Quand on parle de SEC-CFTC, les deux principales agences fédérales américaines chargées de réguler les marchés financiers et les produits dérivés. Also known as Securities and Exchange Commission and Commodity Futures Trading Commission, it exercent un contrôle direct sur les cryptomonnaies considérées comme des titres ou des marchandises. Ce n’est pas une simple bureaucratie : c’est le pouvoir de fermer des échanges, d’interdire des airdrops, et de rendre des projets entiers illégaux aux États-Unis.
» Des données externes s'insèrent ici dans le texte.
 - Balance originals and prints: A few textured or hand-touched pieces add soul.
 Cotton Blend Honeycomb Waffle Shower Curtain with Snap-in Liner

La SEC traite les jetons comme des actions non enregistrées. La CFTC, elle, voit le Bitcoin comme une marchandise — comme le blé ou le pétrole. Entre les deux, il n’y a pas de consensus, mais une chose est sûre : si vous touchez aux cryptos aux États-Unis, vous passez par eux.
Le SEC, l’agence qui surveille les marchés de capitaux et les offres publiques, a ciblé des projets comme NexDAX, UPEX, et GCOX parce qu’ils vendaient des jetons sans autorisation. Elle a aussi bloqué des airdrops comme BAKECOIN et VLXPAD, non pas parce qu’ils étaient des arnaques, mais parce qu’ils ne respectaient pas les règles de déclaration. Le CFTC, l’agence qui gère les contrats à terme et les marchés à terme, s’en prend aux actifs comme le BTC ou l’ETH quand ils sont échangés comme des produits dérivés. C’est pourquoi HTX et WOOFi, même s’ils sont actifs, doivent se conformer à des règles de traçabilité et de KYC strictes. Et quand un projet comme Algofi disparaît, c’est souvent parce que la SEC a mené une enquête et que les liquidités ont fui avant même le coup de grâce.
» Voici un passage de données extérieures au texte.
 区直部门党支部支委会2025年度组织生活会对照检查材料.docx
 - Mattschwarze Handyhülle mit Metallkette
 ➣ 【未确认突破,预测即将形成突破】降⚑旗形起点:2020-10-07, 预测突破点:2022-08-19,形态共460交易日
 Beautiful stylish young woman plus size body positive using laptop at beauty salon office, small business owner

Les règles ne sont pas écrites dans le marbre, mais elles sont appliquées avec une rigueur croissante. Le FBAR, le formulaire de déclaration des comptes à l’étranger, est devenu un outil de chasse aux détenteurs de cryptos non déclarés — avec des pénalités pouvant atteindre 100 000 $. Les outils de forensic blockchain, comme Chainalysis et Elliptic, sont utilisés par la SEC et la CFTC pour retracer les transactions, même celles qui semblent anonymes. Et si vous pensez que la Chine ou la Russie sont les seuls pays à réguler fort, vous vous trompez : aux États-Unis, la régulation est plus subtile, mais plus efficace. Elle ne vous interdit pas de posséder du Bitcoin. Elle vous oblige à passer par des plateformes certifiées, à déclarer vos gains, et à abandonner les projets non conformes.
Ce que vous trouverez ici, c’est une collection d’analyses réelles sur ce que la SEC et la CFTC ont fait — et ce qu’elles font encore. Des échanges fermés, des airdrops piégés, des jetons déclarés illégaux, des lois appliquées à la lettre. Pas de théorie. Pas de spéculations. Juste ce qui s’est passé, pourquoi, et comment ça change votre manière d’agir. Si vous utilisez des cryptos, vous ne pouvez pas ignorer ces deux agences. Elles décident de ce qui vit, et de ce qui meurt.
La coordination internationale sur la régulation des cryptomonnaies s'intensifie avec des accords comme MiCA, le pacte UK-US et les recommandations du FSB. Des normes mondiales émergent pour protéger les investisseurs tout en favorisant l'innovation.